To learn how to cope with their persistent symptoms, patients with treatment-resistant schizophrenia are generally encouraged to undergo psychotherapy [
12]. The most prevalent and distressing symptom is auditory verbal hallucinations (AVH) i.e., hearing voices); therefore, this specific component of schizophrenia is targeted by a few psychotherapeutic approaches [
13,
14]. The most studied and widespread one is cognitive–behavioral therapy, which has been shown to be significantly more effective than a control condition in reducing the frequency and distress associated with AVH in this population [
15]. However, the effect size is only moderate and the symptoms of only a small subset of patients are reduced in a clinically significant manner [
16,
17,
18,
19]. Additionally, according to a recent meta-analysis, CBT for psychosis might have little to no impact on quality of life [
19]. This could be due to the fact that this therapy, largely based on psychoeducation and mindfulness, does not offer the patient an opportunity to practice interacting with their voices and finding new co** strategies under therapeutic supervision. To address this gap, a few novel therapeutic approaches are now focused on having the patient improve their relationship with their voice(s), notably by entering a dialogue with them [
20]. This can be achieved using different techniques such as chairwork (i.e., having the patient take the role of the voice in one chair and then answering them in a different chair), through role-play with the therapist, or by dialoguing with an avatar representing the distressing voice [
20]. Avatar therapy (AT), which was initially developed using an avatar on a 2D screen, has now been adapted to virtual reality (VR), thereby increasing the immersive aspect of psychotherapy [
18,
21,
22]. In this therapy, patients with treatment-resistant schizophrenia are first invited to create and personalize an avatar resembling the mental image that they have of their most distressing hallucination, both in terms of physical appearance and tone of voice. Afterward, patients undergo six to ten one-hour weekly therapeutic sessions which all include approximately 5 to 20 min of dialogue with their avatar in VR. The avatar is animated by the therapist, who is installed in a separate room and has their voice modified in real-time.
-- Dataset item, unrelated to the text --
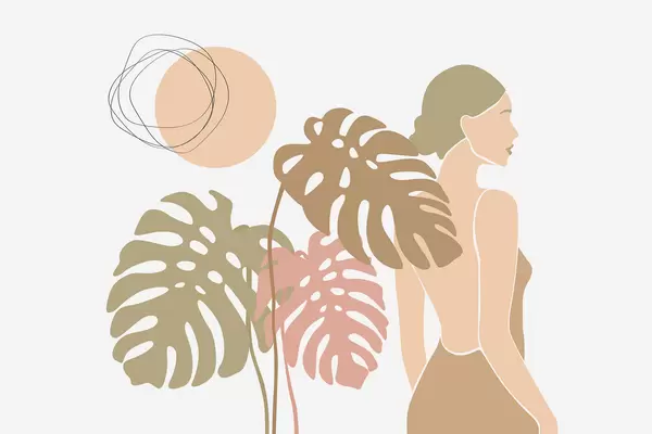 Wall Mural Photo Wallpaper Silhouette of a woman near tropical leaves Nr. w05192

In addition to role-playing the voice, the therapist also has control over the facial expressions as well as the distance between the avatar and the patient. During the first few sessions, the therapist starts by repeating verbatim what the patient reports that their voice usually says, and mostly uses provocative techniques. For example, the therapist, animating the avatar, might repeat “you are worthless”. However, the avatar gradually opens to the patient and starts using more and more positive techniques [
18,
21,
22]. The different themes addressed during AT have been described in detail in a previous qualitative study by Beaudoin and her team [
23]. Notably, the avatar mainly used techniques that were classified as provocative (e.g., threats, accusations, affirmations of omnipotence) or positive (e.g., reinforcement, empathetic listening). The patients responded in a few different ways: with an emotional response (positive, neutral, or negative), by mentioning beliefs about the voices and/or schizophrenia (e.g., omnipotence, malevolence), self-perceptions (i.e., self-appraisal or self-deprecation), co** mechanisms (e.g., self-affirmation, counterattack), or aspirations (e.g., prevention strategies) [
23,
24].
While previous qualitative studies highlight promising avenues to better comprehend the inner psychotherapeutic processes that might be linked to a positive outcome, it is possible that some elements are underexamined or prone to subjective biases, which are prevalent in such studies [
25]. The use of artificial-intelligence-driven approaches, such as unsupervised machine learning, is an increasingly seen technique in various medical fields in order to derive objective data from several types of textual datasets (and other sources of datasets) in the medical field [
26]. It is a technique in which unlabeled data are used to conduct different types of tasks such as hierarchical learning, data clustering, latent variable modeling, dimensionality reduction (on large datasets), and outlier detection [
27]. A few implementations of such algorithms are found in psychiatry. For example, recent research conducted by Kung et al. (2022) used unsupervised learning to identify qualitative subtypes of depression based on the clinical data from 18,314 patients with depression [
28]. Another recent example is the identification of five subgroups of psychosis amongst 765 individuals suffering from
DSM-IV diagnoses of schizophrenia, bipolar affective disorder (I/II), schizoaffective disorder, schizophreniform disorder, and brief psychotic disorder by using clustering methods: affective, suicidal, high functioning, depressive, and severe psychosis [
29]. In the field of psychotherapy and psychotherapeutic approaches, the latest literature review on the subjective identifies nine studies that used unsupervised machine learning [
30]. Most of these applications were used to perform human-like responses to interact with patients after learning from datasets of multiple interactions derived from thousands of therapy sessions. An example of such application is the development of
ClientBot, by Tanana et al. (2019), which used natural language-processing methods for automated coding rather than human coders to perform interactions with the patients [
31]. To our knowledge, the use of unsupervised machine learning to objectively assess verbatims from AT has never been conducted. Natural-language-processing (a subset of machine learning) approaches for patients suffering from schizophrenia are currently being studied and demonstrate promising avenues to characterize sub-clinical linguistic differences in schizophrenia-spectrum disorders which might be clinically relevant [
32]. Analysis of verbatims using unsupervised learning might therefore provide insights as to different types of interactions taking place during the immersive sessions.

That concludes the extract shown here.